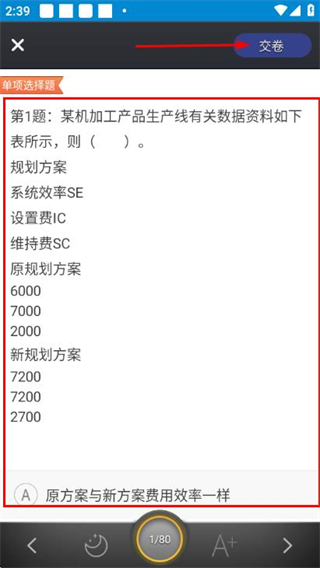3、在模擬考試做題頁面完成題目作答后,點擊右上角的交卷按鈕,結(jié)束本次模擬考試。
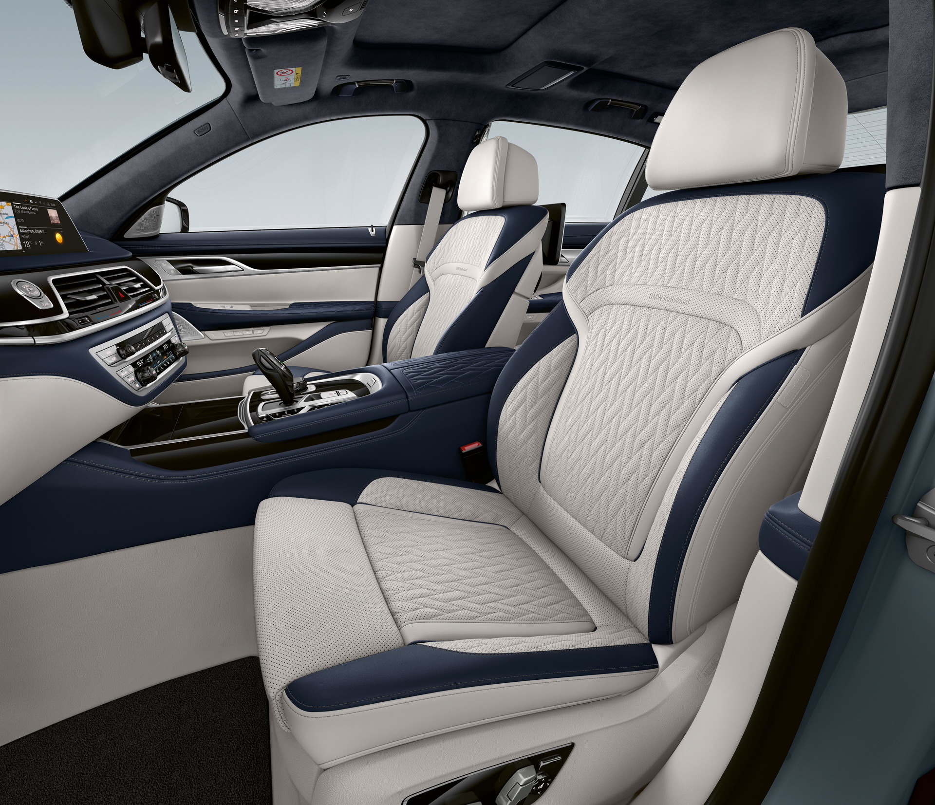 The visual appeal of the 7 Series will be further enhanced by the new Phytonic Blue and BMW Individual Frozen Bluestone metallic exterior paintwork. The premium atmosphere aboard the Bavarian luxury sedan will become even more exquisite thanks to the attractive BMW Individual Smoke White/Night Blue/Black Merino full-grain leather upholstery and the new BMW Individual leather steering wheel.
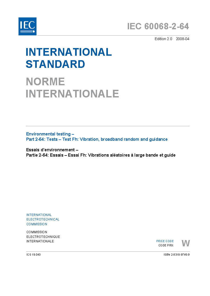 IEC 60068-2-64:2008 Environmental testing - Part 2-64: Tests - Test Fh: Vibration, broadband random and guidance
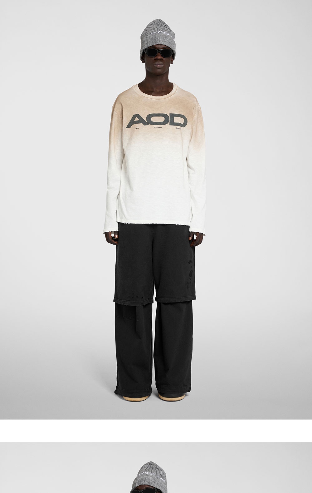아이코닉한 로고 디자인과 수제 염색으로 빈티지한 멋을 살린 AOD의 롱 슬리브 코튼 티셔츠입니다. - 오버사이즈 핏 - 후면의 AOD 심볼 그래픽 - 디스트레스드 디테일 마감
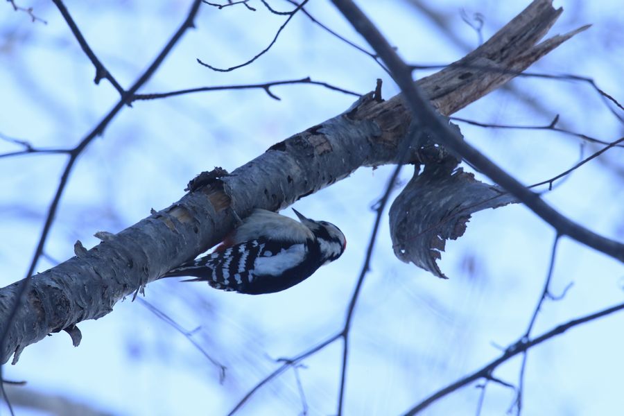 ウダイカンバの枯れ木で木をつついて餌を探していました。 動画は30秒ほどの短いものですが、見ている間数分間ずっとこうしていました。 アカゲラが木をつつく音もかすかに入っています。
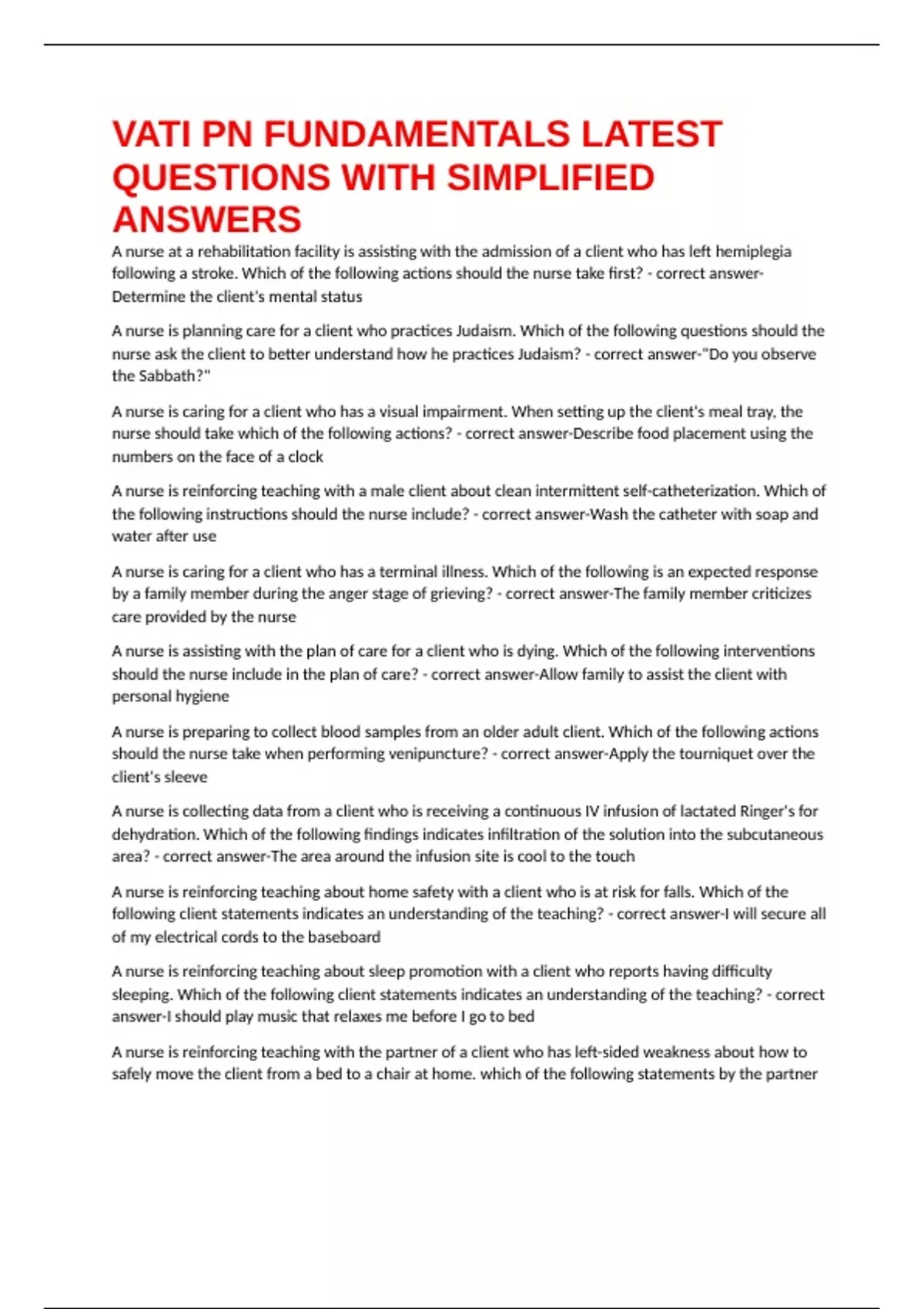 VATI PN FUNDAMENTALS LATEST QUESTIONS WITH SIMPLIFIED ANSWERS
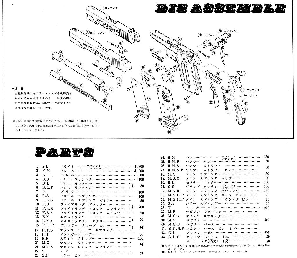 ![]() CMC2型と言っても外観は1型と同じです。1型は発火機構が無くてマガジンが 9mm口径ガバのように細いそうです。 このガバメント登場までマテルを手本としたSAA を造っていた江原商店はCMC と社名を変更します。 1965年のブローニングの乱による業界分裂もきっかけだったのではないかと思います。
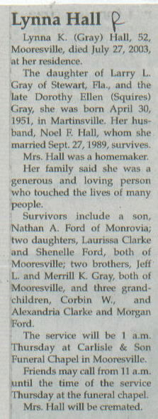 Other Mrs. Hall will be cremated. Parents: Larry L. Gray of Stewart, Fla., and the late Dorothy Ellen (Squires) Gray.
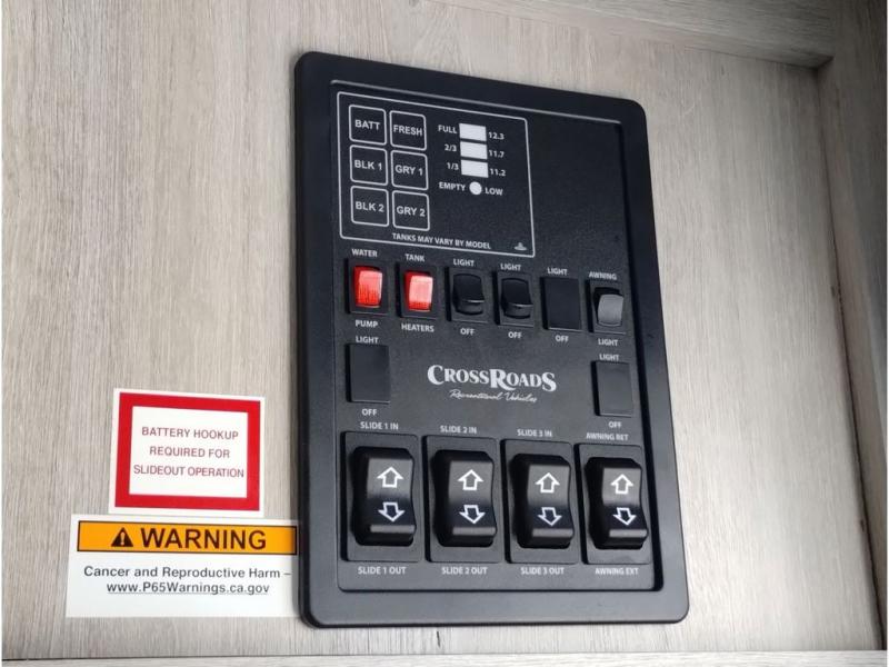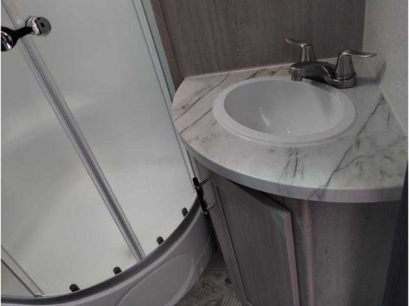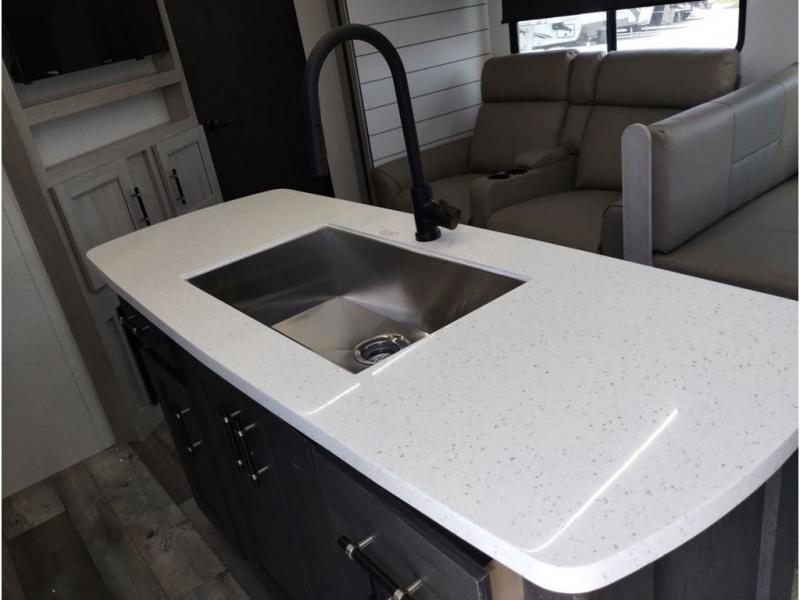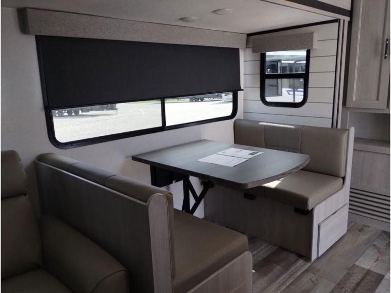 With any Sunset Trailer travel trailer by CrossRoads RV, you will enjoy comfort at every turn! The 5-sided aluminum structure, enclosed underbelly, and HyperDeck flooring provide a durable RV made to last. There is also a power awning with LED lights outdoors, a fiberglass front cap, and a docking station with battery disconnect for easy set-up. Each model includes solid surface kitchen countertops, porcelain toilets, roller shades, and hidden cabinet door hinges to name a few interior comforts!
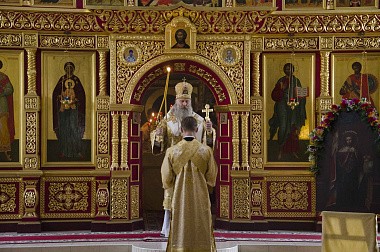 По запричастном стихе владыка Феогност обратился к собравшимся с архипастырским словом, посвященным главным духовным качествам св. Александра Невского – кротости, смирению и мужеству.
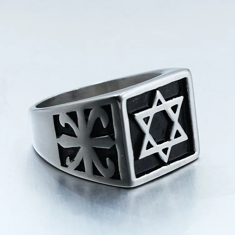 Мужское Винтажное кольцо со звездой Давида и пентаграммой, Ювелирное Украшение в стиле панк, рок, хип-хоп, мотоциклетный браслет

How to complete this task: Up to and including the line containing "9mm口径ガバのように細いそうです。 このガバメント登場までマテルを手本としたSAA を造っていた江原商店はCMC", quote each line of the entries above from the very first, please, exactly and without images.

Exercise response:
3、在模擬考試做題頁面完成題目作答后,點擊右上角的交卷按鈕,結(jié)束本次模擬考試。
 The visual appeal of the 7 Series will be further enhanced by the new Phytonic Blue and BMW Individual Frozen Bluestone metallic exterior paintwork. The premium atmosphere aboard the Bavarian luxury sedan will become even more exquisite thanks to the attractive BMW Individual Smoke White/Night Blue/Black Merino full-grain leather upholstery and the new BMW Individual leather steering wheel.
 IEC 60068-2-64:2008 Environmental testing - Part 2-64: Tests - Test Fh: Vibration, broadband random and guidance
아이코닉한 로고 디자인과 수제 염색으로 빈티지한 멋을 살린 AOD의 롱 슬리브 코튼 티셔츠입니다. - 오버사이즈 핏 - 후면의 AOD 심볼 그래픽 - 디스트레스드 디테일 마감
 ウダイカンバの枯れ木で木をつついて餌を探していました。 動画は30秒ほどの短いものですが、見ている間数分間ずっとこうしていました。 アカゲラが木をつつく音もかすかに入っています。
 VATI PN FUNDAMENTALS LATEST QUESTIONS WITH SIMPLIFIED ANSWERS
 ![]() CMC2型と言っても外観は1型と同じです。1型は発火機構が無くてマガジンが 9mm口径ガバのように細いそうです。 このガバメント登場までマテルを手本としたSAA を造っていた江原商店はCMC と社名を変更します。 1965年のブローニングの乱による業界分裂もきっかけだったのではないかと思います。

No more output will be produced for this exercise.